Work order -
For every line below, output the text exactly and leave out images.

The data -
* * * *

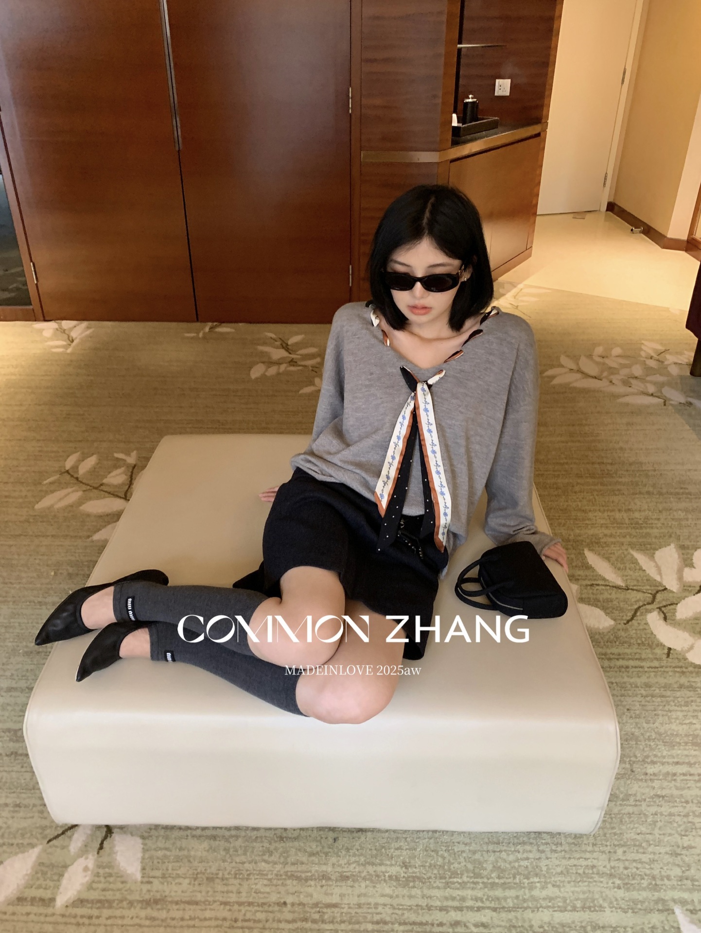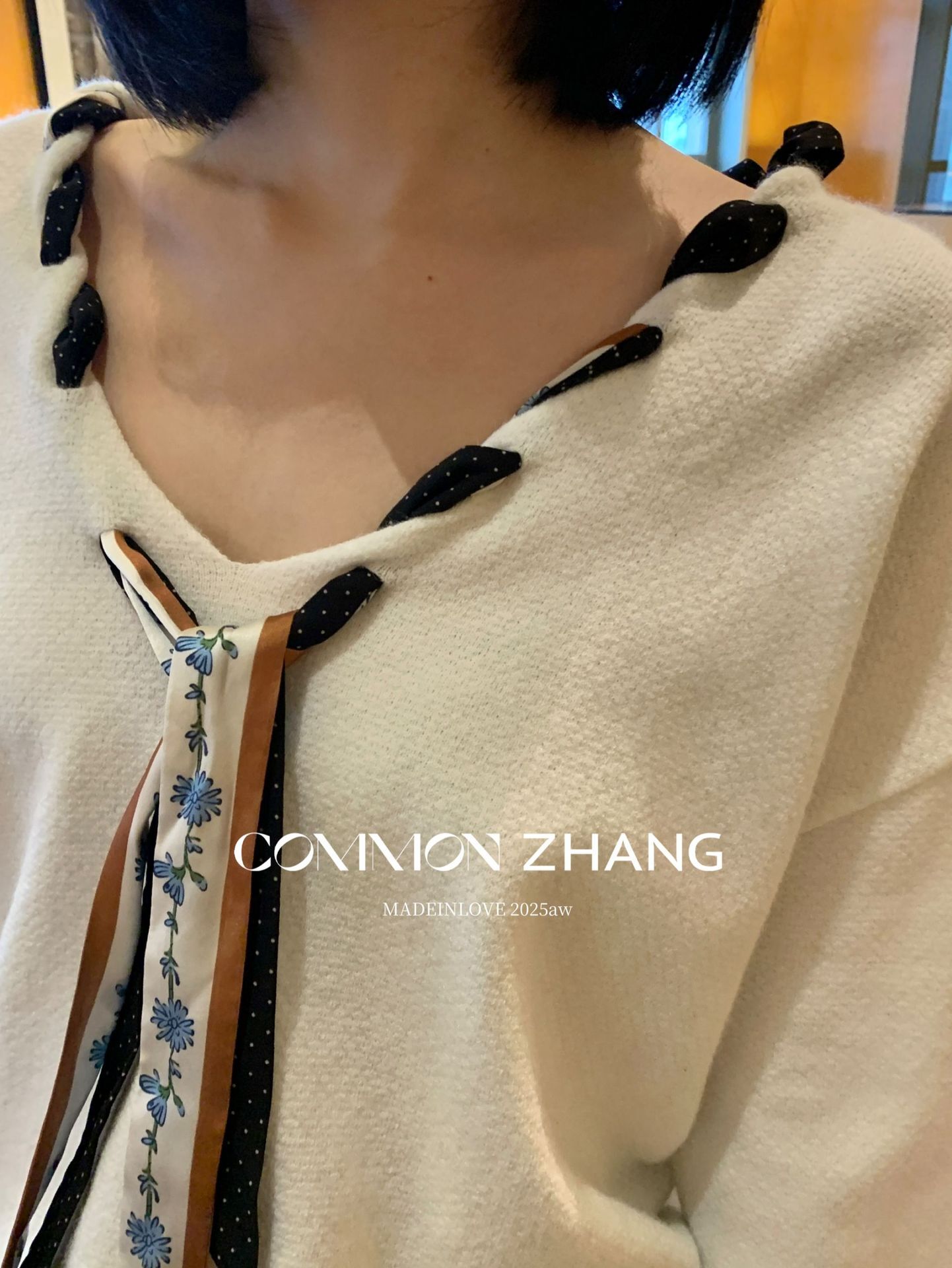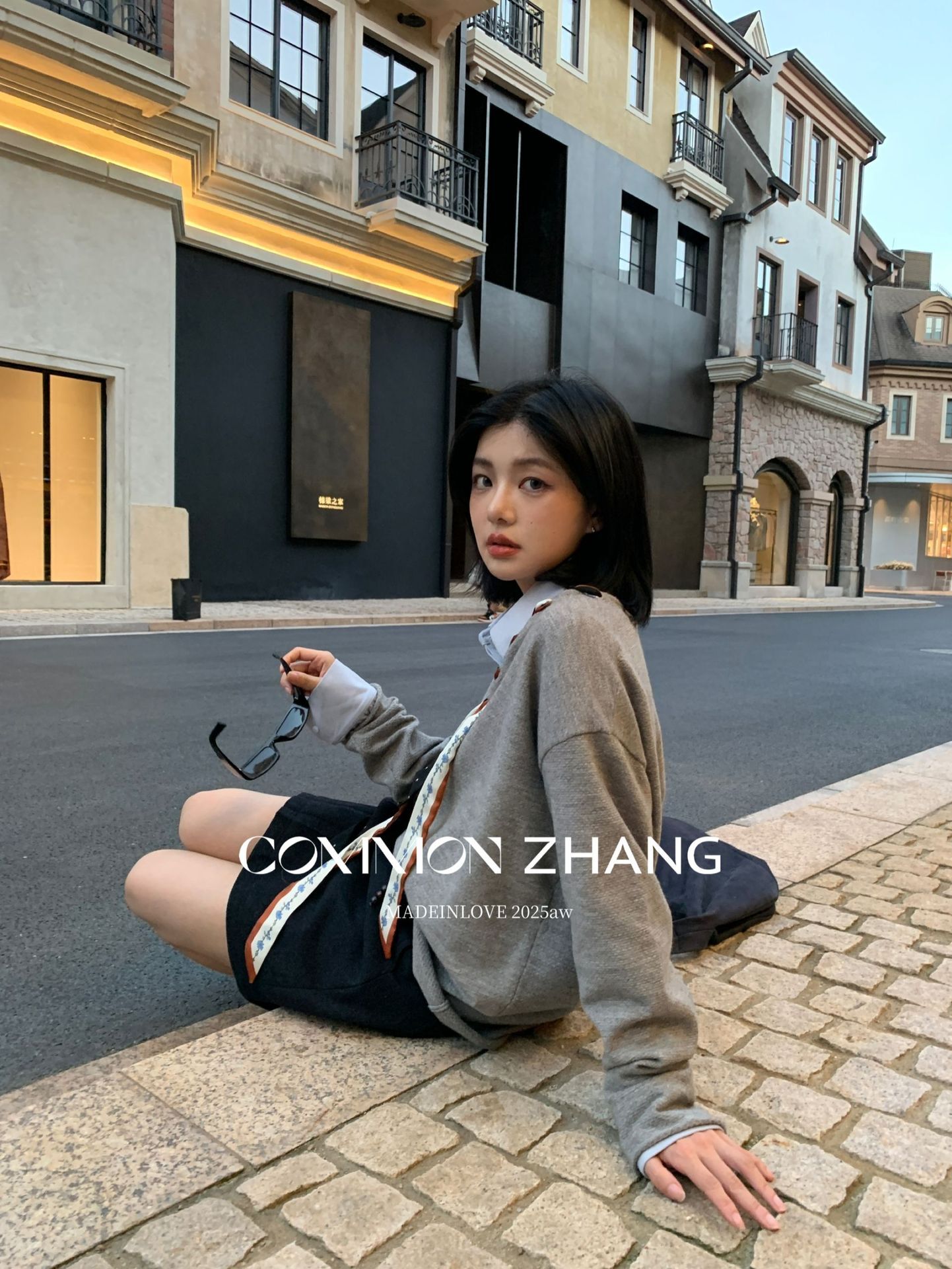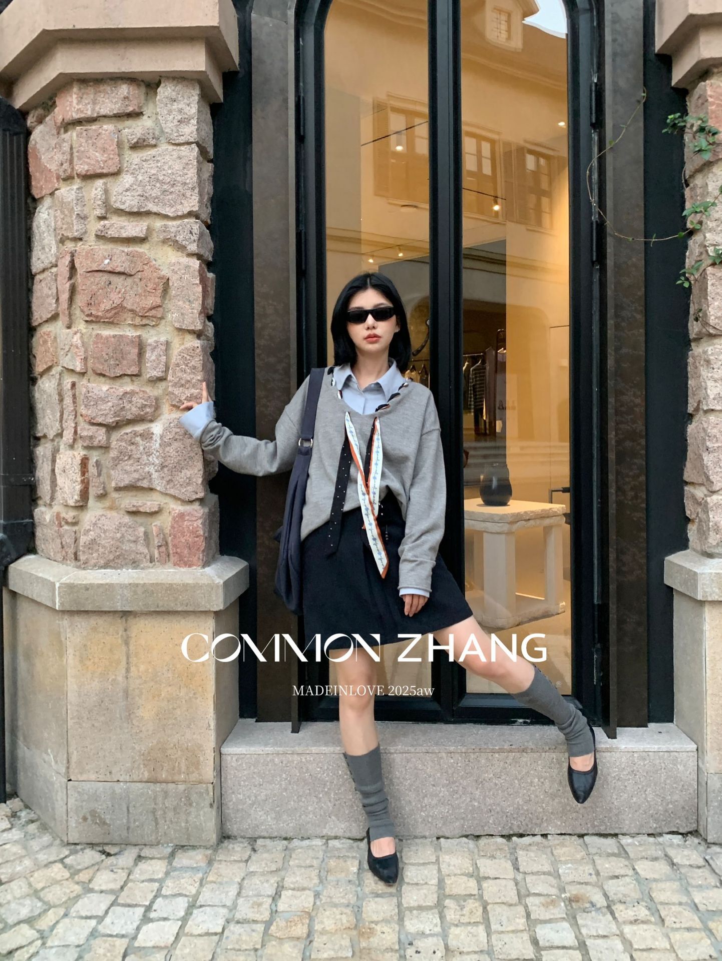 *o-ha-you*【FCZB305357】秋冬V領拼接絲巾毛衣女學院風寬鬆休閒套頭針織衫-4色
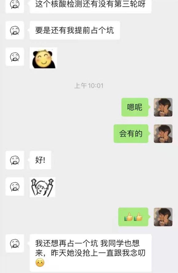 “这个核酸检测还有没有第三轮呀?要是还有我提前占个坑。”
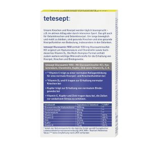 tetesept Glucosamine 1550 chứa 1550 mg glucosamine sulfate KCl bổ sung axit hyaluronic và chondroitin cũng như vitamin D3 liều cao. Công thức đa phức hợp còn chứa các vi chất dinh dưỡng quan trọng khác để duy trì sụn, xương và mô liên kết:

* * * *

Solution to this exercise -
 *o-ha-you*【FCZB305357】秋冬V領拼接絲巾毛衣女學院風寬鬆休閒套頭針織衫-4色
 “这个核酸检测还有没有第三轮呀?要是还有我提前占个坑。”
 tetesept Glucosamine 1550 chứa 1550 mg glucosamine sulfate KCl bổ sung axit hyaluronic và chondroitin cũng như vitamin D3 liều cao. Công thức đa phức hợp còn chứa các vi chất dinh dưỡng quan trọng khác để duy trì sụn, xương và mô liên kết:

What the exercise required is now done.